University of Maine history professor Liam Riordan gave this week’s lecture as part of The Socialist and Marxist Studies Series, which has happened almost every week at UMaine since 1988. The series is also coached by Maine Peace Action Committee, which is mainly a student group through the Division of Student Affairs, and also receives support from the College of Liberal Arts and Sciences. Riordan teaches in the history department at UMaine  with a specialization in American history and Revolutionary history from 1760-1830. Riordan’s lecture was titled, “The ‘Problem’ of Blackness in the Revolutionary United States.”

“Liam [Riordan] is the strongest promoter of humanity on campus and throughout the community,” Doug Allen, a professor of philosophy, said. This specific lecture is co-sponsored by the Office of Multicultural Student Life and the Black Student Union as part of Black History Month.

Riordan began his lecture by explaining the quotations around the word “Blackness” in the title of his opening slide.

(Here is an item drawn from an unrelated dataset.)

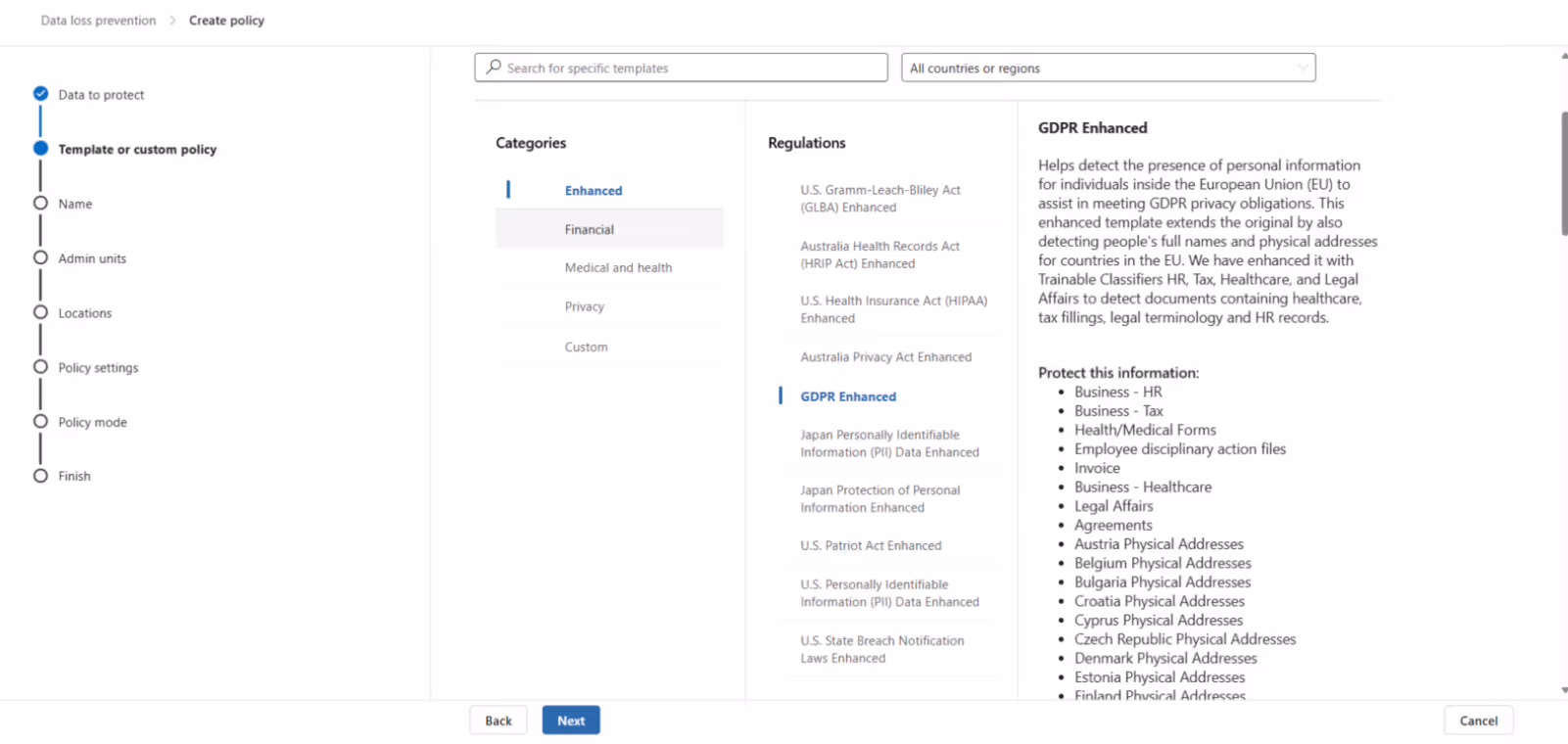 In this case, I've chosen sensitive information types in combination with SharePoint and OneDrive:

“There has long been a convention of historical scholarship in wake of publications by David Brion Davis to recognize that slavery became a problem in the western world in the age of the Atlantic revolutions through the eighteenth and nineteenth centuries,” he said. “And then there is also a second and more troubling meaning. We also have to focus on the problem that presence of free african americans in revolution had created for Republicans.”

He then began talking about popular sovereignty, which is what the United States is based on. “This means that power comes from the people, so then, if there were African Americans that were free, it raises the question as to what their status as citizens were in this revolutionary United States?”

Riordan also gave a talk recently at the Portland Museum of Art titled, “Model Citizens: Art and Identity in the US 1770-1830.”

“This exhibit opened up our thinking of what the place of being a citizen and family identity was and how it relates to the New United States by striking absence in the curator exhibit. All images in this exhibit were white people, and we wanted to call attention to this,” Riordan said.

Riordan then turned this into a conversation with the audience, asking them what they thought about the most widespread images of people of African descent in early America. Many contributed their thoughts, but the overall consensus from the group was that the images displayed them almost always as slaves, servants or in slave advertisements in newspapers.

As the talk went on, Riordan spoke about a woman named Flora, who died in 1796. Her silhouette is on display at the Stratford Historical Society in Connecticut. Riordan talked about how the silhouette was the cutting edge of a new style of visual presentations in its time, as it defined people more than a normal painting would have. He also showed silhouettes of a white family, and then showed Flora’s image. “This silhouette of Flora also records centrality of slavery to African Americans’ experience, which was created to accompany Flora’s bill of sale from one Connecticut family to another Connecticut family.”

Later on in the discussion, Riordan brought back the discussion of Flora when he was discussing Gradual Emancipation. “It [Gradual Emancipation] did not free a single person on the day that it became a law. It said that children born to enslaved parents after that date would be free after they turn 21.”

The talk wrapped up with the discussion about the American Revolution and what it meant for slavery.

“We know that this broad era during the 18th century began to raise issues that questioned the validity of such radical human inequality. The 18th century was a period of accelerated capitalistic development and discussions on whether or not slavery could be a modern and efficient way to run society,” Riordan said.

Riordan’s talk was eloquent, informative and very fitting for the events and topics throughout Black History Month. The next talk titled, “Better Dead Than Red: The History of Red-Baiting in the United States” by Nathan Godfried, a professor of history, will take place on Feb. 22.